Reprint requests should be sent to Randall C. O'Reilly, Department of Psychology, Computer Science, and Center for Neuroscience, University of California Davis, 1544 Newton Ct, Davis, CA 95618, or via e-mail: oreilly@ucdavis.edu.

Author Contributions

Randall C. O'Reilly: Conceptualization; Formal analysis; Funding acquisition; Investigation; Methodology; Project administration; Software; Supervision; Validation; Visualization; Writing – Original draft. Jacob L. Russin: Formal analysis; Investigation; Methodology; Validation; Writing – Review & editing. Maryam Zolfaghar: Investigation; Methodology; Validation; Writing – Review & editing.
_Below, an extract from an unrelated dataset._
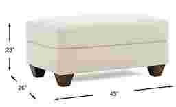 Its rectangular 43" x 26" dimensions and generous surface area make it a versatile alternative to a traditional coffee table. Because it features a plush, upholstered top with elegant welted seams, we recommend using a large decorative tray to provide a stable, level surface for drinks and remotes. This is an excellent "kid-safe" choice, as the soft, padded edges and lack of sharp corners offer a safer environment for toddlers compared to wood or glass tables.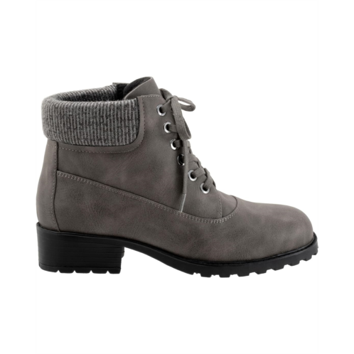 Walk in comfort and make every step count by wearing the Trotters Bellamy boots. The round-toe shoes have a lace-up with zipper closure, a mid-calf silhouette, flat heels, and a knit topline. The boots have a nylon upper with latex insole and comfortable lining that supports prolonged wear.

John Rohrlich: Conceptualization; Data curation; Investigation; Methodology; Software; Validation; Writing – Review & editing.

Funding Information

Randall C. O'Reilly: Office of Naval Research (http://dx.doi.org/10.13039/100000006), grants D00014-12-C-0638, N00014-13-1-0067, N00014-14-1-0670, N00014-18-C-2067, and N00014-19-1-2684.

Diversity in Citation Practices

A retrospective analysis of the citations in every article published in this journal from 2010 to 2020 has revealed a persistent pattern of gender imbalance: Although the proportions of authorship teams (categorized by estimated gender identification of first author/last author) publishing in the Journal of Cognitive Neuroscience (JoCN) during this period were M(an)/M = .408, W(oman)/M = .335, M/W = .108, and W/W = .149, the comparable proportions for the articles that these authorship teams cited were M/M = .579, W/M = .243, M/W = .102, and W/W = .076 (Fulvio et al., JoCN, 33:1, pp. 3–7). Consequently, JoCN encourages all authors to consider gender balance explicitly when selecting which articles to cite and gives them the opportunity to report their article's gender citation balance.